Many small and regional US banks are facing the risk of failure, especially with some banks facing the risk of failing or falling below their minimum capital requirements, according to Christopher Wolfe, managing director and head of North American banks at Fitch Ratings.
Economists on the US Bank Failures
Klaros Group analyzed around 4,000 banks and discovered that 282 were facing a banking crisis in the US. Some reasons behind the possibility of US bank failures are commercial real estate loans and potential losses from higher interest rates. Most of these banks are smaller ones with assets totaling less than $10 billion.
Brian Graham, co-founder and partner at Klaros Group, said that while most of these banks are not bankrupt, they are stressed, which could lead to fewer US bank failures. However, this stress could still affect communities and customers.
Graham said that this banking crisis in the US might lead to consumers experiencing effects like banks choosing not to invest in new branches, technology, or staff.
Sheila Bair, former chair of the U.S. Federal Deposit Insurance Corp., said that for individuals, the consequences of small US bank failures are mostly indirect.

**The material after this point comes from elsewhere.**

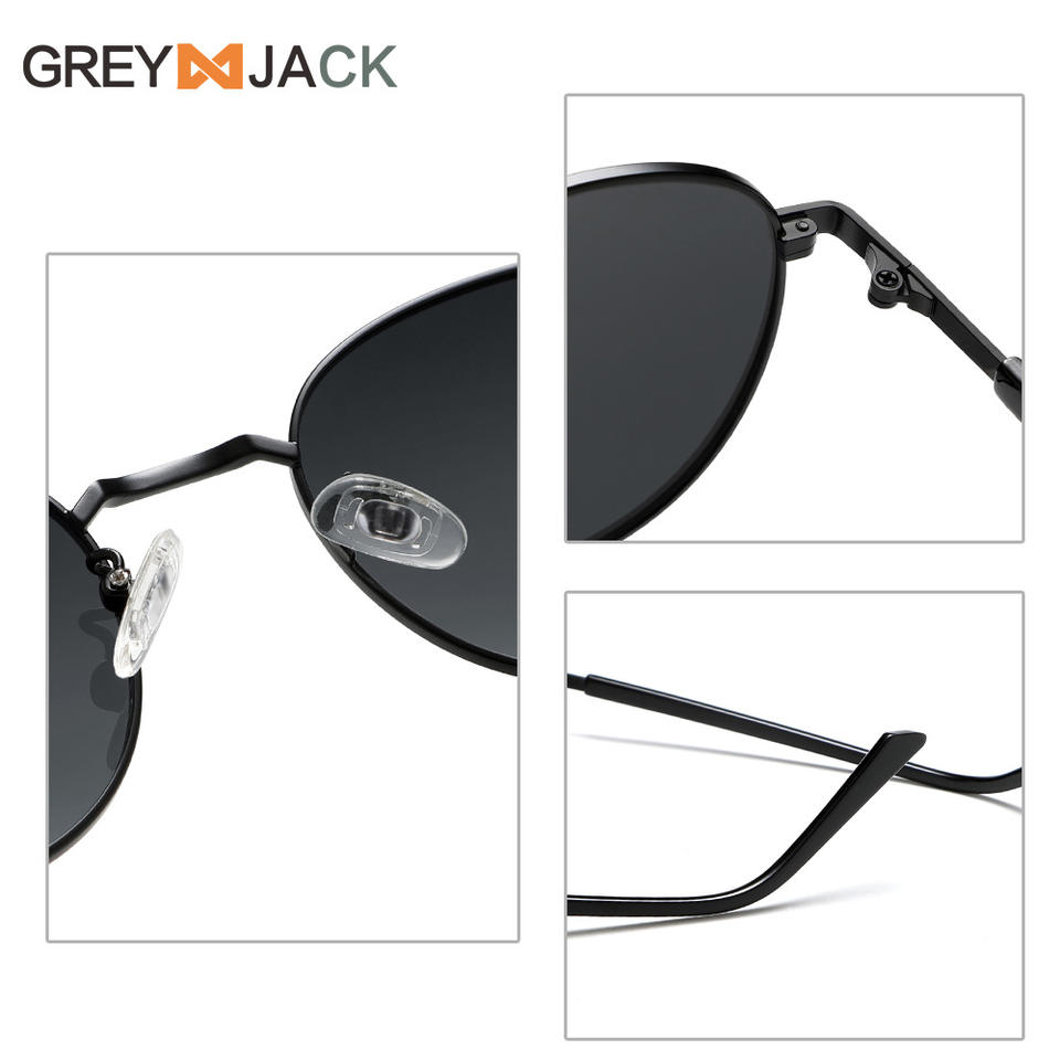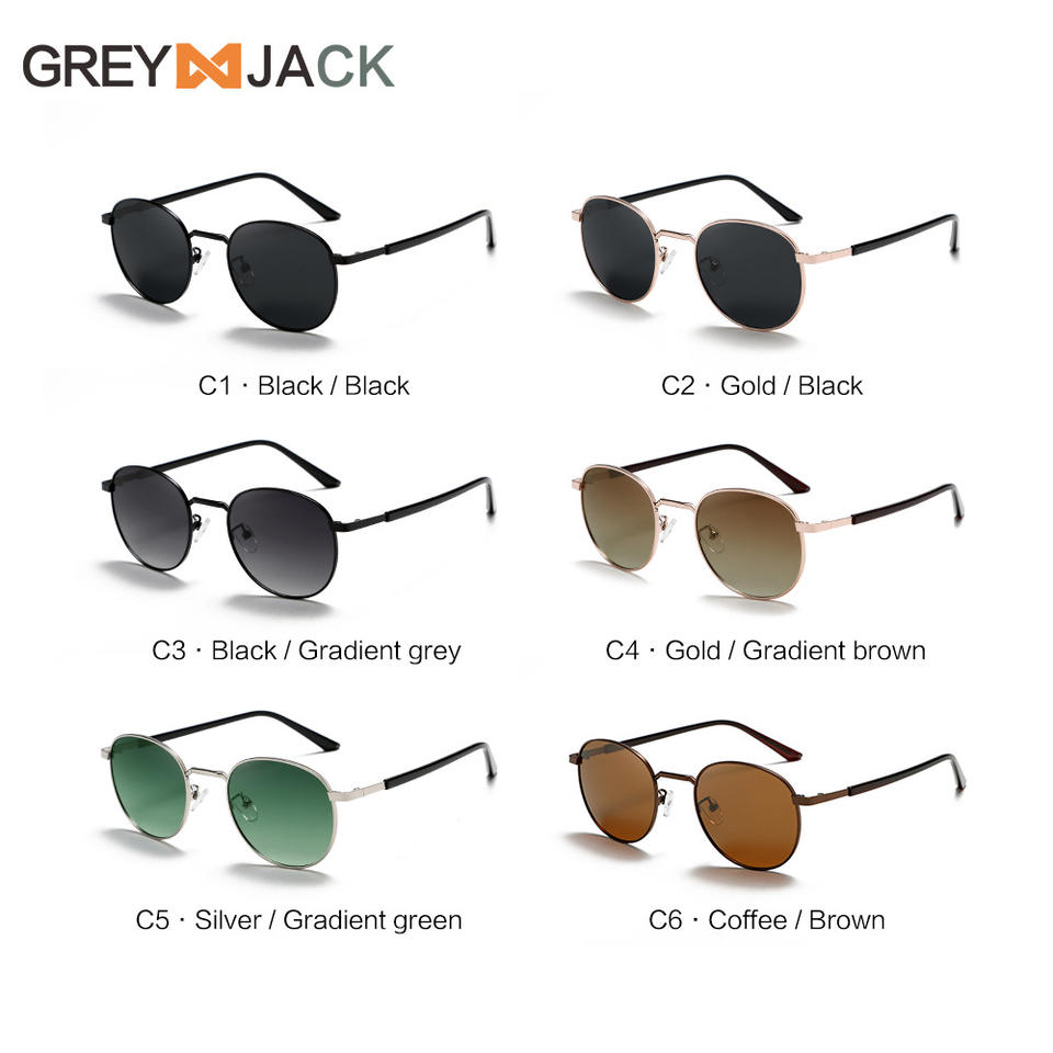 แว่นกันแดดทรงกลมเกรย์แจ็คเมทัลสีดำ ยูวี 400 โพลาไรซ์ เลนส์ TAC ประเภท 3 ที่บังแดด

She noted that if individuals have deposits below the insured limit of $250,000, there would be no direct consequences for them in the case of bank failures in the US.
If a bank insured by the FDIC fails, all depositors will be reimbursed up to at least $250,000 per depositor per FDIC-insured bank, per ownership category.
Is There a Possibility of Another Banking Crisis in the US?
One of the important dates for understanding the banking crisis in the US is March 11, when the Federal Reserve will close the bank term funding program. This started a year ago due to the banking crisis in the US, such as the collapse of regional banks like Signature, Silvergate, and Silicon Valley.
The US bank failures happened because large numbers of customers withdrew deposits, particularly tech or crypto businesses needing funds for losses and attracted by better savings rates elsewhere.
Raising interest rates had already affected banks’ profitability and weakened their balance sheets by lowering the value of their government bond holdings.
The collapse of Silvergate was followed by an event on March 10 when Silicon Valley Bank announced its need to raise capital after selling bonds at a loss, triggering a bank run.
Subsequently, Signature and Swiss bank Credit Suisse also failed. Credit Suisse, facing longstanding issues, was finally taken over by UBS due to heightened anxieties exacerbated by the turmoil in the US.
Investors were concerned about the possibility of other banks failing, as most US banks faced similar risks of customer withdrawals and losses on bond investments.
The Federal Reserve’s Bank Term Funding Program (BTFP) helped reduce the panic by allowing banks to borrow from the central bank using their bonds as collateral. This provided banks with additional funding and restored the value of their bonds to their original face value.
This resulted in offsetting the impact of interest rate increases and improving their balance sheets. Since then, only one more bank, First Republic Bank in San Francisco, has failed.